Previous studies revealed large differences in the transformation of pharmaceuticals in rivers with similar characteristics. The present work aimed at answering the question whether these differences are related to the transformation capacity of the specific river sediments. More generally, we also aimed at evaluating the overall diagnostic power of water/sediment tests. Incubation experiments with 9 pharmaceuticals were carried out with sediments sampled from three rivers. All compounds expect carbamazepine were removed at dissipation half-lives between 2.5 and 56 days; biotransformation was identified as the major removal process. Interestingly, sediment from river Roter Main was more efficient in removing pharmaceuticals than sediment from river Gründlach, while the opposite pattern was observed in previous field studies. Obviously, the physical boundary conditions are governing the actual elimination of pharmaceuticals and not the transformation potential of the specific sediments. In a separate experiment, an immediate onset of transformation was observed after introducing oxygen to an anoxic water/sediment system. Transformation rates in sediments sampled from several sites within one river varied up to a factor of 2.5. This considerable in-stream variability is a critical factor for environmental risk assessment where single cutoff values are being used for evaluating a compound's persistence.

Screening for pharmaceutical transformation products formed in river sediment by combining ultrahigh performance liquid chromatography/high resolution mass spectrometry with a rapid data-processing method.

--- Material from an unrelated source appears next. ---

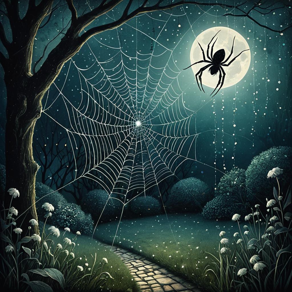 A surreal and dreamlike scene featuring an enchanting spinner spider weaving a luminescent web in a mystical night garden. The garden is illuminated by calm moonlight with dew droplets on delicate spider threads, surrounded by soft pastel tones and whimsical, glowing foliage.

While the occurrence of pharmaceuticals in the aquatic environment has been extensively investigated, their environmental fate is less thoroughly explored. Scarce information on their transformation pathways and transformation products (TPs) limits conventional target analytical approaches. In this study, samples from water/sediment tests were analyzed by ultrahigh performance liquid chromatography interfaced with quadrupole time-of-flight mass spectrometry (UHPLC/QToF-MS). A data processing method based on peak detection, time-trend filtration and structure assignment was established to provide an efficient way for identifying the key TPs in terms of persistence; all software used for the individual steps of this method is freely available. The accurate mass and meaningful time-trends were major contributors in facilitating the isolation of plausible TP peaks. In total, 16 TPs from 9 parent pharmaceuticals were identified. Eleven out of the 16 TPs were confirmed by corresponding reference standards; no standards were available for the remaining TPs. For additional 6 potential TPs, a molecular formula was suggested but no additional structural information could be generated. Among the TPs identified in the water/sediment tests, carbamazepine-10,11-epoxide (parent: carbamazepine), saluamine (parent: furosemide), chlorothiazide and 4-amino-6-chloro-1,3-benzenedisulfonamide (parent of both: hydrochlorothiazide), and 1-naphthol (parent: propranolol) accumulated over the entire incubation period of 35 days.